GLI2-mediated mesenchymal Hh signaling induces stem cell niche signals in intestinal development and tumorigenesis [ChIPSeq]

Mesenchymal-epithelial interactions play a critical role in organ development, stem cells and disease. During intestinal development, pseudostratified epithelia undergo dramatic morphogenesis called villification, to form finger-like projections, in which mesenchymal cell clustering and muscle layers play a key role. In the adult, the gut mesenchyme is proposed as a key intestinal stem cell niche providing essential niche signals such as Wnt ligands, while the TGF beta signaling mediated gut stromal program is critical for cancer progression. However, how these signals are produced is currently unknown. In the gut, Hedgehog (Hh) signaling acts strictly in a paracrine manner: Hh ligands are expressed in the epithelium and activate signaling exclusively in the mesenchyme. Notably, Hh signaling is not only essential for mesenchymal clustering and muscle differentiation, it is also involved in intestinal tumorigenesis. To investigate Hh mediated mechanisms, we analyzed mice deleted for key Hh negative regulators, Sufu and/or Spop in the gut mesenchyme, and demonstrated their dosage dependent role in the negative regulation of Hh signaling. Although these mutants exhibit abnormal mesenchymal cell growth and functionally defective muscle layers, villification is completed with proper mesenchymal clustering, implying a permissive role for Hh signaling. These mesenchymal defects are partially rescued by Gli2 reduction, demonstrating the significance of its transcriptional regulation. Surprisingly, in contrast to its known inhibitory role in epithelial proliferation, abnormal Hh activation in the gut mesenchyme leads to increased epithelial proliferation. Corroborating this data, Sufu reduction is sufficient to promote intestinal tumorigenesis, while Gli2 heterozygosity suppresses it. To define GLI2-mediated downstream mechanisms, we mapped its binding sites and analyzed gene expression genome-wide, identifying one of the most robust Hh direct targetome data sets ever reported. This work reveals the GLI2 transcriptional regulation of Wnt and TGF beta pathways in stem cell proliferation and muscle differentiation, providing mechanistic insight into the intestinal stem cell niche in development and tumorigenesis.

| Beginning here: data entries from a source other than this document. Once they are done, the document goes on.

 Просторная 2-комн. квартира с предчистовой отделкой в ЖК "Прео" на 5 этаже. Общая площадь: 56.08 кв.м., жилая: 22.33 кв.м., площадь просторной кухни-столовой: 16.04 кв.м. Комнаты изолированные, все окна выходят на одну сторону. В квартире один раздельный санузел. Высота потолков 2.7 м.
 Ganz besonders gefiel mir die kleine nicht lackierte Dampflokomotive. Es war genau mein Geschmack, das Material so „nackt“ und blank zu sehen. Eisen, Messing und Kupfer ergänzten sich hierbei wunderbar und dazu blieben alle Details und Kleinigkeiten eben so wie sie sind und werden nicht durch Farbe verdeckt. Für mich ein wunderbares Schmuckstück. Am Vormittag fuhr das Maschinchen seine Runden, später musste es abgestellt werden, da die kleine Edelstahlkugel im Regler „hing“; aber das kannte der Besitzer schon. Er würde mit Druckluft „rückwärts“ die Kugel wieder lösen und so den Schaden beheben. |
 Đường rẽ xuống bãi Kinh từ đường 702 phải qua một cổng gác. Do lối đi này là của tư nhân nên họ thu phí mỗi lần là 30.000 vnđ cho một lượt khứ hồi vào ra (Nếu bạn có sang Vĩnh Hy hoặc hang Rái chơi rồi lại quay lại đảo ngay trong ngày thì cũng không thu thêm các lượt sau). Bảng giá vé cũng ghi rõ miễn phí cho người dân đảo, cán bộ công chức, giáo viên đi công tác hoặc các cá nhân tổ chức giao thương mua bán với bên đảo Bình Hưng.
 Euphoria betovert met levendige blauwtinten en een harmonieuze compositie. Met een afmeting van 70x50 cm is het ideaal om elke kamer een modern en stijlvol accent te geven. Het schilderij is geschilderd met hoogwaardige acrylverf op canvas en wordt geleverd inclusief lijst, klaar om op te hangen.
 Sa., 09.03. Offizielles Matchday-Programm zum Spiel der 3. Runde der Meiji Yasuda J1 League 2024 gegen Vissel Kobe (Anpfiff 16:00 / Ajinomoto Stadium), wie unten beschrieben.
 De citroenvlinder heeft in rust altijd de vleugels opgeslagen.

间充质-上皮相互作用（Mesenchymal-epithelial interactions）在器官发生、干细胞生物学及疾病进程中发挥关键调控作用。在肠道发育阶段，假复层上皮会经历被称为绒毛形成（villification）的剧烈形态发生过程，最终形成指状肠绒毛；其间充质细胞聚集与肌层结构在此过程中扮演核心角色。在成体肠道中，肠道间充质被认为是肠道干细胞巢（intestinal stem cell niche）的关键组成部分，可提供Wnt配体等必需的巢信号；而转化生长因子β（TGF beta）信号介导的肠道间质程序则对癌症进展至关重要。然而目前学界尚未明确这些信号的具体产生机制。在肠道组织中，刺猬（Hedgehog, Hh）信号通路严格以旁分泌方式发挥功能：Hh配体在上皮细胞中表达，并仅在间充质细胞中激活下游信号通路。值得注意的是，Hh信号通路不仅对间充质细胞聚集与肌细胞分化不可或缺，还直接参与肠道肿瘤发生过程。为探究Hh介导的分子调控机制，我们对肠道间充质中关键Hh负调控因子Sufu和/或Spop敲除的小鼠模型进行了系统分析，证实了二者在Hh信号通路负调控中的剂量依赖性作用。尽管这些突变小鼠表现出间充质细胞生长异常与肌层功能缺陷，但绒毛形成过程仍可通过正常的间充质聚集完成，这提示Hh信号通路仅发挥许可性调控作用。通过降低Gli2的表达水平可部分挽救上述间充质缺陷，这证明了其转录调控的核心重要性。令人意外的是，与已知的Hh信号抑制上皮增殖的功能相悖，肠道间充质中异常激活的Hh信号会导致上皮增殖水平显著升高。为验证这一实验结果，我们进一步发现：降低Sufu的表达足以促进肠道肿瘤发生，而Gli2杂合缺失则可有效抑制该过程。为明确GLI2介导的下游调控机制，我们在全基因组范围内绘制了其结合位点并分析了基因表达谱，鉴定出了迄今为止报道的最具稳定性的Hh直接靶标组（direct targetome）数据集之一。本研究揭示了GLI2通过转录调控Wnt与TGF beta通路，参与干细胞增殖与肌细胞分化的具体过程，为理解发育及肿瘤发生过程中的肠道干细胞巢提供了关键的机制层面新见解。